Where have I been?!?! Well, I had finals: that was miserable. Working full time and taking ten credits will not work; I got a 3.0 average. After that, Jessica wanted me to read Harry Potter and I agreed. I got the first book in Ancient Greek, but it’s proving very hard and will take me a long time, I’m sure. So I plunged ahead and got all seven books in English. I read and read and listened to audio books and read and read but now I’m done! They’re really great books and J.K. Rowling is merciless to the end, killing off major characters left and right. When something approaches this level of greatness, however, I think my wife and I both start switching to the Biblical measure of excellence, and then the work of art nose-dives in our estimation. Harry was great when he was a metaphor or an allegory, but as soon as he was totally real and facing real death, he attitudes were shown to be ungodly and his ultimate hope to be in himself.
There proves to be a through-line that is consistent between Harry Potter, The Matrix, Babylon 5 and even Star Wars (if you dig far enough). Aside from all the mono-myth items, the ultimate struggle and solution in all of these is the same. Our hero (or party of heroes) is faced with two kinds of opponents. There are those who are for chaos, power, i.e. physis. Typically, the protagonist is against this force (not so in The Matrix). Then there are the forces of law and order, nomos. In the end, we are left to conclude that the overwhelming necessity is for a third option, typically self-determination or choice. Of all the aforementioned series, Babylon 5 puts it most succinctly, “We can find our own way between order and chaos . . . Now get the hell out of our galaxy!”
The trouble is, from one sense they’re right in that we must pick a third option, but in a larger sense they’re all wrong, because our choice must be for something categorically different from mere nomos vs physis. To come into theological terms, the possibilities are not limited to antinomianism and legalism. The truth is not some bastard child of these polar opposites, it is the most intellectually rigorous acceptance of both dialectal nodes to the fullest extent. The Law cannot save us, but God did give us the Law and call it good. On a higher plane than the simplistic debate, we say we are not saved by the Law, but once saved we love it and strive to obey it out of love for Him who saved us in order that we might be free.

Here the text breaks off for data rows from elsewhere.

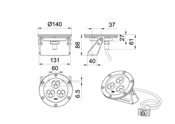 - DMX/RDM-управляемый с подводным выключателем 24 В постоянного тока (вкл / выкл)
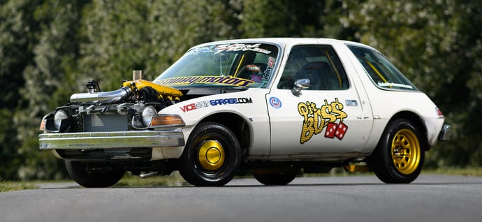 This 1976 AMC Pacer has been transformed into a burnout machine boasting an impressive 800 horsepower, thanks to a turbocharged LS V8 engine. Built by Brian Hensley, the car features a fortified LS engine with new pistons, forged connecting rods, and a BTR Stage 2 turbo camshaft, managed by a Holley Terminator X Max EFI system. The power is channeled through a billet TH400 automatic transmission with a trans brake, sending the grunt to the ground through a Ford 9-inch rear end. The Pacer retains a stock appearance, adorned with 'Pit Boss' graphics and gold-themed details, designed to capture attention in the burnout pit. A full roll cage and RaceQuip seats with harnesses complete the stripped-down, purpose-built interior.
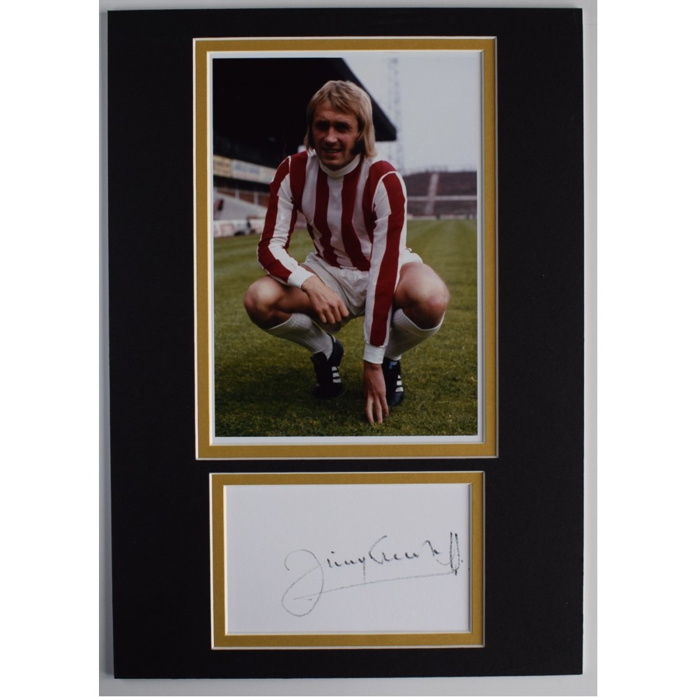 A4 photo mount display personally signed by Stoke City legend, Jimmy Greenhoff
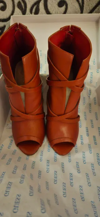 Botines de tacón Guess en color rojo, con un diseño moderno y elegante. - Material exterior tipo ante. - Tacón de 11 cm - Punta abierta (peep toe). Sólo los he usado una vez pero la suela está muy sucia de ahí su precio. Por dentro están nuevos
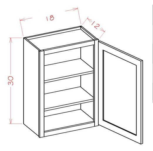 Us Cabinet - Wall Cabinet 1 Door 30" High Model - 18" W x 12" D x 30" H

I had this same debate with my mother, and she came at it from another angle: civics. Do we say that the law is ultimate or people? In simple societies, there is the Rule of the One or Few, monarchy or oligarchy. The greater civilizations have the Rule of Law, but corrupted by political maneuverings. A great society would have great laws that need no exceptions or judges. The inconceivability of such a land pushes us to the superlative Kingdom, where the Perfect Man rules and all laws are but expressions of His Will.